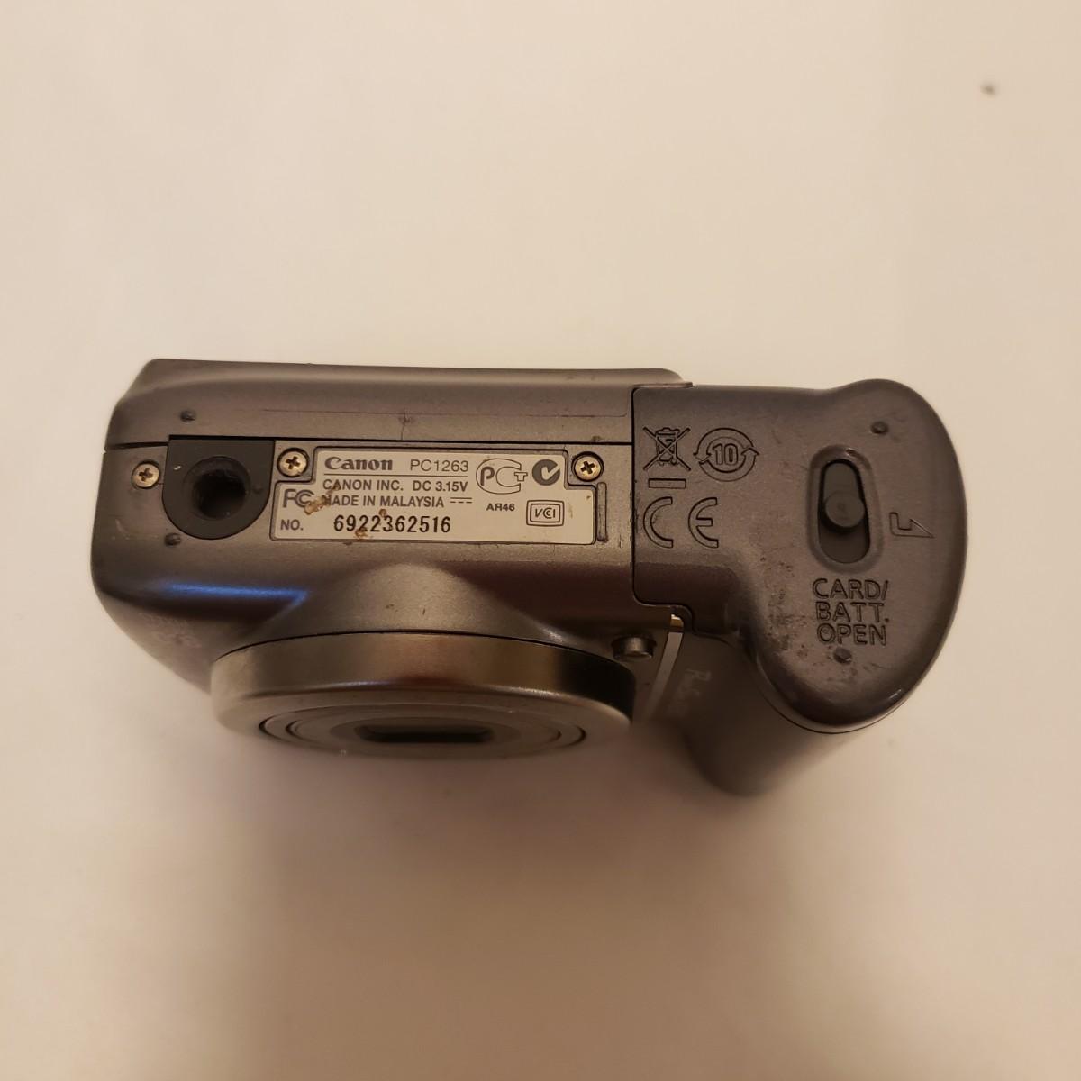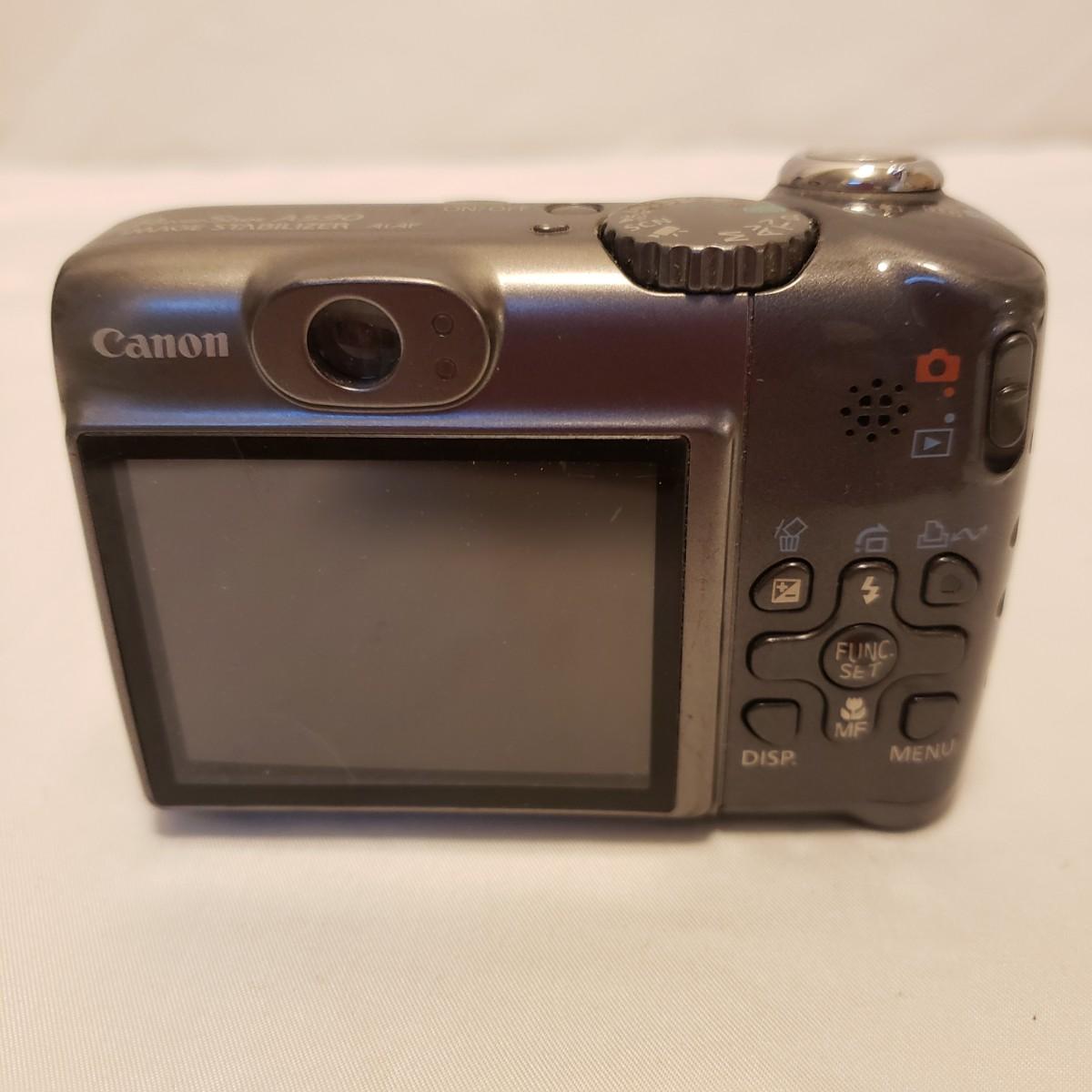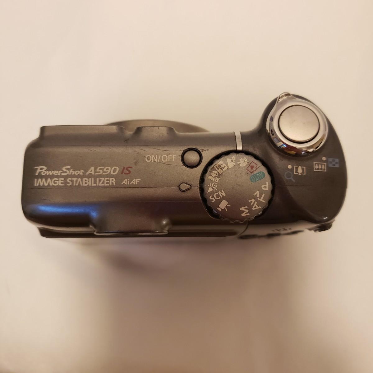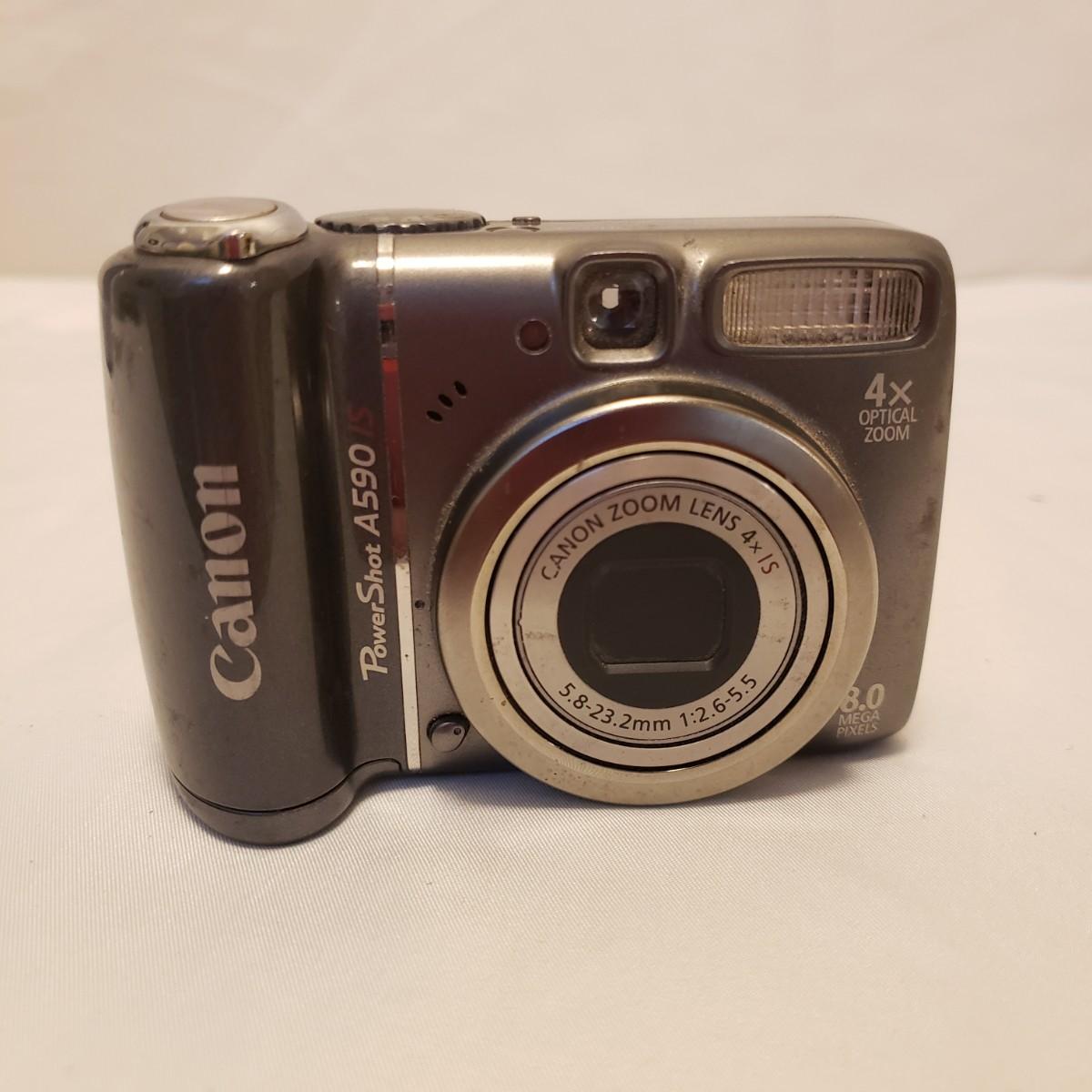 This lot contains two digital cameras. One is a Canon Powershot A590, with a zoom lens 4x15, eight megapixels and a 14 optical zoom. The model number is PC1263. It takes two AA batteries. This camera does not come with an owners manual.
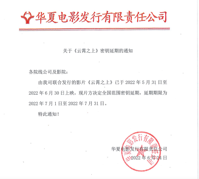 《云霄之上》密钥延期的通知
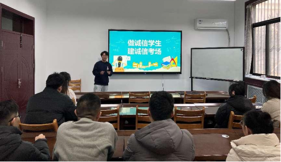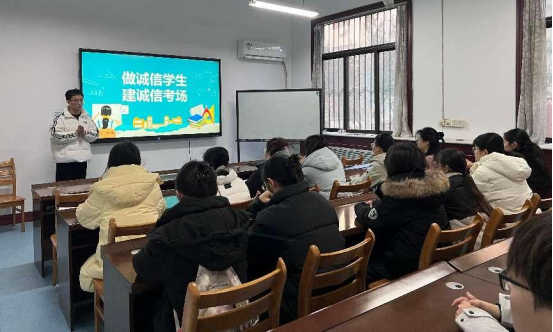 各班级迅速行动,于2024年12月27日下午组织召开诚信教育主题班会,为同学们拧紧诚信应考的“思想发条”。班会期间,辅导员及班委们言辞谆谆,反复向同学们阐述诚信考试的深远意义,着重强调其对个人学业发展、品德修养以及学院整体学风建设的关键支撑作用。同时,明确严肃纪律:一旦察觉任何作弊的蛛丝马迹,将即刻依规上报,绝不拖延,坚决将考试作弊的念头扼杀于萌芽状态。通过这种全方位、多角度的深入交流,同学们内心深处对诚信应考的认知愈发深刻,纷纷表态将以实际行动捍卫考场的纯净与公正,凭真才实学书写满意答卷。
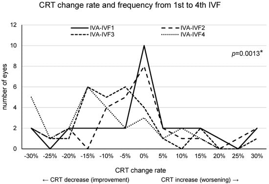 This figure shows the change rate of the central retinal thickness (CRT) after IVF1 to IVF4 compared with that after the final intravitreal injection of aflibercept (IVAn). The vertical axis plots the number of eyes, with the number of eyes at 0% representing the number of eyes with a −5% to 5% change in CRT compared to CRT after the final IVA. Only minimal change was observed in the CRT after the first intravitreal injection of faricimab (IVF1) compared with that after the IVAn. Conversely, in many eyes, the CRT after IVF4 decreased compared with that after IVAn. CRT decreased gradually but significantly over the course of four IVF treatments (p = 0.0013, mixed-effects model). *: This value means p < 0.05 in mixed-effects model.
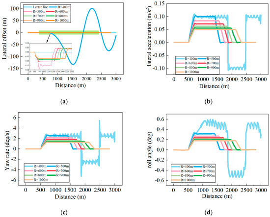 Simulation results under different curve radii. (a) Lateral offset; (b) Lateral acceleration; (c) Yaw rate; (d) Roll angle.
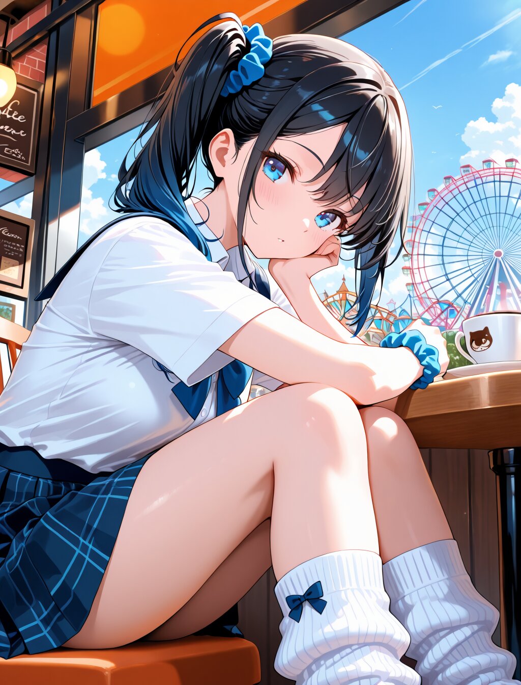 masterpiece,best quality,ultra detailed,black hair,blue tips,(Side ponytail:1.2),blue eyes,blue bow,school uniform,short sleeve,blue_scrunchie,loose socks,beautiful legs,beautiful thigh, BREAK ferris wheel,amusement_park,sitting,coffee,cafe terrace
******
→ WORK TO BE COMPLETED: All entries should be reproduced exactly; no picture belongs in the result.

→ RESPONSE BELOW:
 This lot contains two digital cameras. One is a Canon Powershot A590, with a zoom lens 4x15, eight megapixels and a 14 optical zoom. The model number is PC1263. It takes two AA batteries. This camera does not come with an owners manual.
 《云霄之上》密钥延期的通知
 各班级迅速行动,于2024年12月27日下午组织召开诚信教育主题班会,为同学们拧紧诚信应考的“思想发条”。班会期间,辅导员及班委们言辞谆谆,反复向同学们阐述诚信考试的深远意义,着重强调其对个人学业发展、品德修养以及学院整体学风建设的关键支撑作用。同时,明确严肃纪律:一旦察觉任何作弊的蛛丝马迹,将即刻依规上报,绝不拖延,坚决将考试作弊的念头扼杀于萌芽状态。通过这种全方位、多角度的深入交流,同学们内心深处对诚信应考的认知愈发深刻,纷纷表态将以实际行动捍卫考场的纯净与公正,凭真才实学书写满意答卷。
 This figure shows the change rate of the central retinal thickness (CRT) after IVF1 to IVF4 compared with that after the final intravitreal injection of aflibercept (IVAn). The vertical axis plots the number of eyes, with the number of eyes at 0% representing the number of eyes with a −5% to 5% change in CRT compared to CRT after the final IVA. Only minimal change was observed in the CRT after the first intravitreal injection of faricimab (IVF1) compared with that after the IVAn. Conversely, in many eyes, the CRT after IVF4 decreased compared with that after IVAn. CRT decreased gradually but significantly over the course of four IVF treatments (p = 0.0013, mixed-effects model). *: This value means p < 0.05 in mixed-effects model.
 Simulation results under different curve radii. (a) Lateral offset; (b) Lateral acceleration; (c) Yaw rate; (d) Roll angle.
 masterpiece,best quality,ultra detailed,black hair,blue tips,(Side ponytail:1.2),blue eyes,blue bow,school uniform,short sleeve,blue_scrunchie,loose socks,beautiful legs,beautiful thigh, BREAK ferris wheel,amusement_park,sitting,coffee,cafe terrace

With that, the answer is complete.